** Stored data follows **

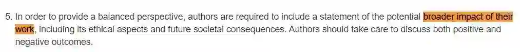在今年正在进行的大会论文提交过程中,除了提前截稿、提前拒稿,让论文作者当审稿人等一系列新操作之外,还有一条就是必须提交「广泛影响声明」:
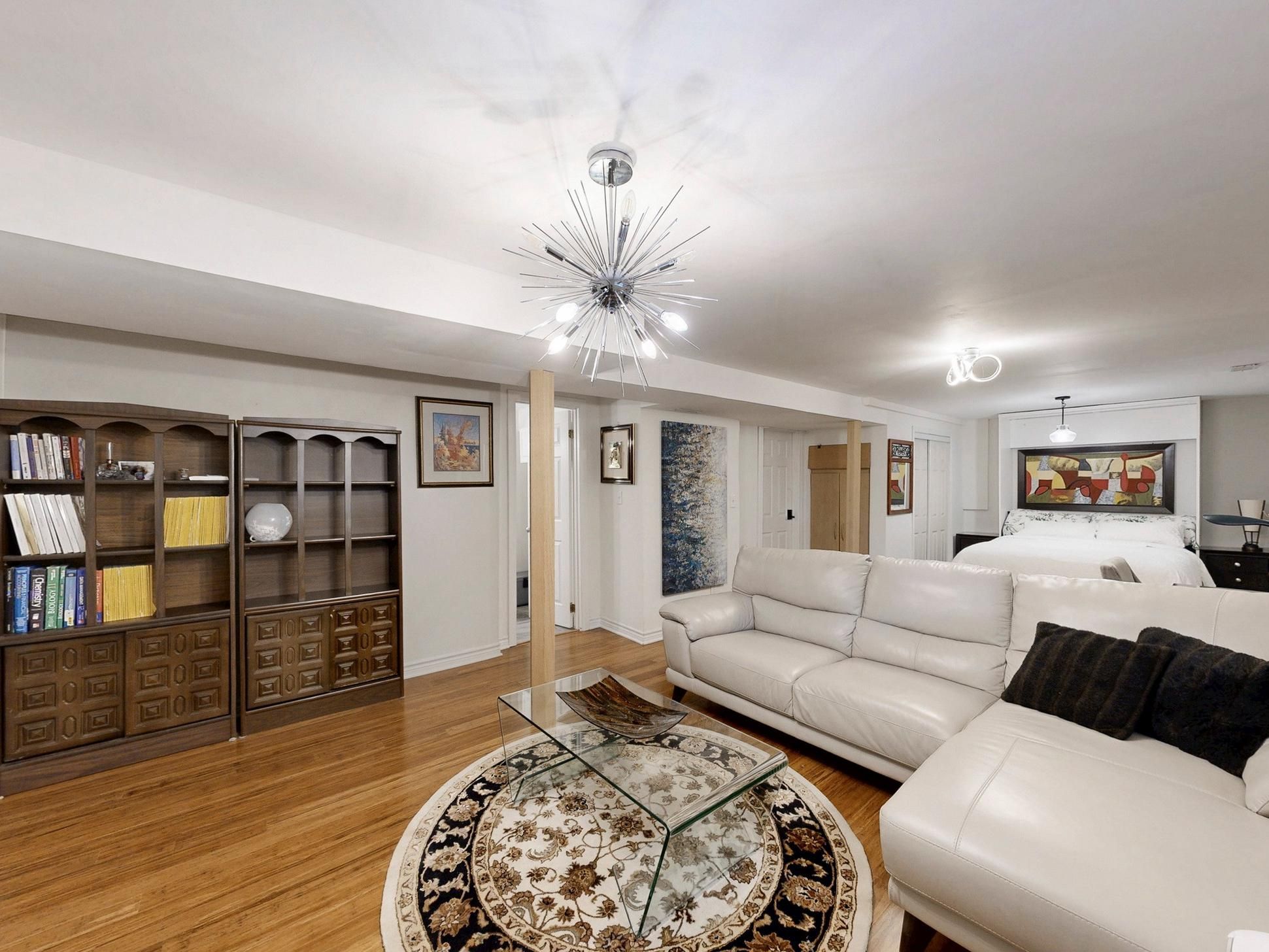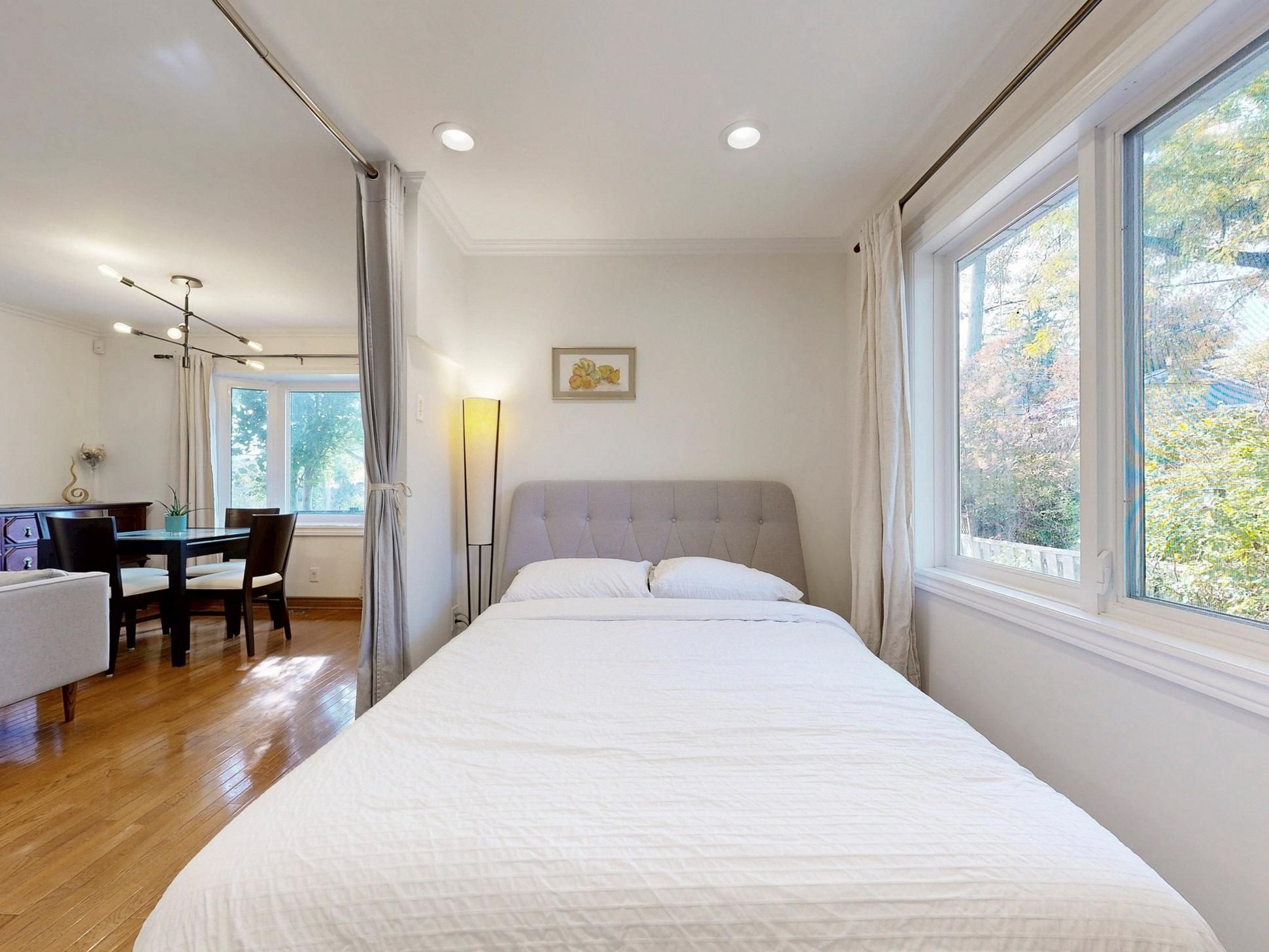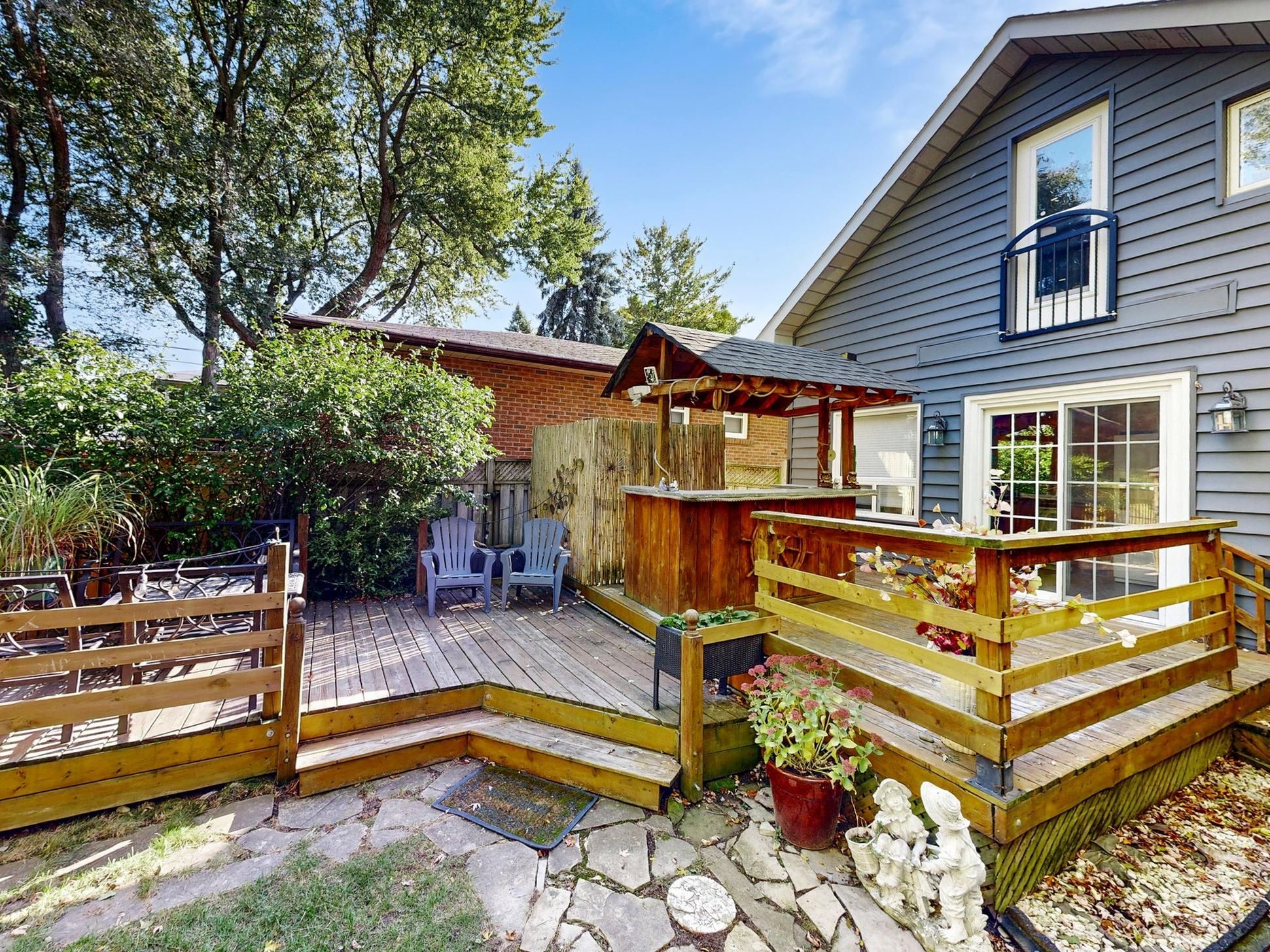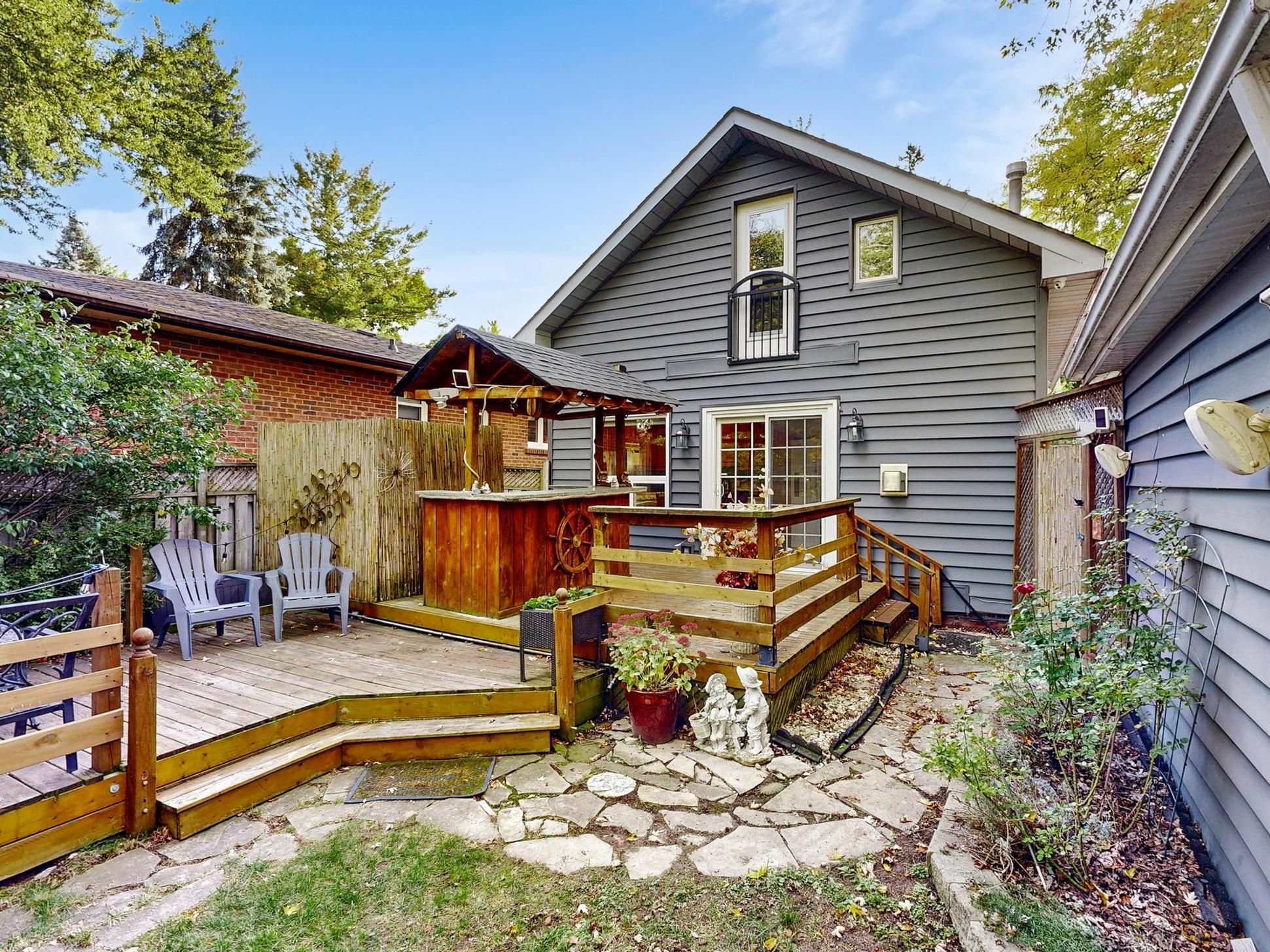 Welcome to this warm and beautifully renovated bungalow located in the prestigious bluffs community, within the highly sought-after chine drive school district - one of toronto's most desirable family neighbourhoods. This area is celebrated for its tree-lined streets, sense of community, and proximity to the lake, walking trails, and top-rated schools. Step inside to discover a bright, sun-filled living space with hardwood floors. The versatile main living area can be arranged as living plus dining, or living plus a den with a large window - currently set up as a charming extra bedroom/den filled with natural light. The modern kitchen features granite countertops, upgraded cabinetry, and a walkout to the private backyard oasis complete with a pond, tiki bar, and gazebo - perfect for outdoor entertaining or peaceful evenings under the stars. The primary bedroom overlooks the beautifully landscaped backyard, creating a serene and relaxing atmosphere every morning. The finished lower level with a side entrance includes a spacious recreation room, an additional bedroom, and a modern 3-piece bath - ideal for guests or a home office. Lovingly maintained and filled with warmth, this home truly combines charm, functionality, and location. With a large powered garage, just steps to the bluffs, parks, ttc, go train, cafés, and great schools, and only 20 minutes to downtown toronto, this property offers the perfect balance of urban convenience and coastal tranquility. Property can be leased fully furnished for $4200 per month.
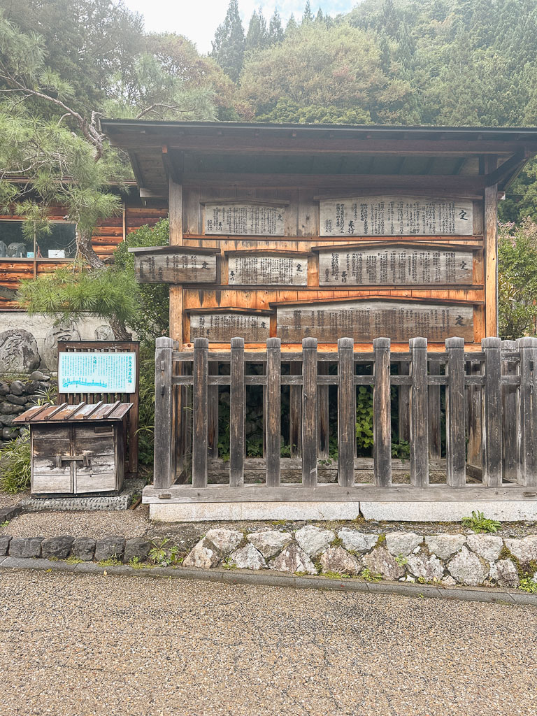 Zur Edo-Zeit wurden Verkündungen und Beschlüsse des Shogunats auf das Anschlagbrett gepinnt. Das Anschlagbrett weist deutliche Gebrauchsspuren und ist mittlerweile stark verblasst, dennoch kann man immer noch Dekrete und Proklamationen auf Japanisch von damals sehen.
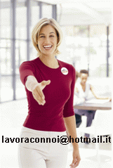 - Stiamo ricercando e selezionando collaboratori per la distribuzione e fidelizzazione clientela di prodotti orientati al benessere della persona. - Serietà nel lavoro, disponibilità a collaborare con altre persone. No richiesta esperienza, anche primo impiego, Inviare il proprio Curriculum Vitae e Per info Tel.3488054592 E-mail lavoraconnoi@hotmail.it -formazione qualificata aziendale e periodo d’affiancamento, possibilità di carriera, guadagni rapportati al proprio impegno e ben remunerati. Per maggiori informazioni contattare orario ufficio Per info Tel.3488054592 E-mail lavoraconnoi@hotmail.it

** End of Stored data **

Task requirements:
An exact copy of the data above is required, printed without its pictures.

Response box:
在今年正在进行的大会论文提交过程中,除了提前截稿、提前拒稿,让论文作者当审稿人等一系列新操作之外,还有一条就是必须提交「广泛影响声明」:
 Welcome to this warm and beautifully renovated bungalow located in the prestigious bluffs community, within the highly sought-after chine drive school district - one of toronto's most desirable family neighbourhoods. This area is celebrated for its tree-lined streets, sense of community, and proximity to the lake, walking trails, and top-rated schools. Step inside to discover a bright, sun-filled living space with hardwood floors. The versatile main living area can be arranged as living plus dining, or living plus a den with a large window - currently set up as a charming extra bedroom/den filled with natural light. The modern kitchen features granite countertops, upgraded cabinetry, and a walkout to the private backyard oasis complete with a pond, tiki bar, and gazebo - perfect for outdoor entertaining or peaceful evenings under the stars. The primary bedroom overlooks the beautifully landscaped backyard, creating a serene and relaxing atmosphere every morning. The finished lower level with a side entrance includes a spacious recreation room, an additional bedroom, and a modern 3-piece bath - ideal for guests or a home office. Lovingly maintained and filled with warmth, this home truly combines charm, functionality, and location. With a large powered garage, just steps to the bluffs, parks, ttc, go train, cafés, and great schools, and only 20 minutes to downtown toronto, this property offers the perfect balance of urban convenience and coastal tranquility. Property can be leased fully furnished for $4200 per month.
 Zur Edo-Zeit wurden Verkündungen und Beschlüsse des Shogunats auf das Anschlagbrett gepinnt. Das Anschlagbrett weist deutliche Gebrauchsspuren und ist mittlerweile stark verblasst, dennoch kann man immer noch Dekrete und Proklamationen auf Japanisch von damals sehen.
 - Stiamo ricercando e selezionando collaboratori per la distribuzione e fidelizzazione clientela di prodotti orientati al benessere della persona. - Serietà nel lavoro, disponibilità a collaborare con altre persone. No richiesta esperienza, anche primo impiego, Inviare il proprio Curriculum Vitae e Per info Tel.3488054592 E-mail lavoraconnoi@hotmail.it -formazione qualificata aziendale e periodo d’affiancamento, possibilità di carriera, guadagni rapportati al proprio impegno e ben remunerati. Per maggiori informazioni contattare orario ufficio Per info Tel.3488054592 E-mail lavoraconnoi@hotmail.it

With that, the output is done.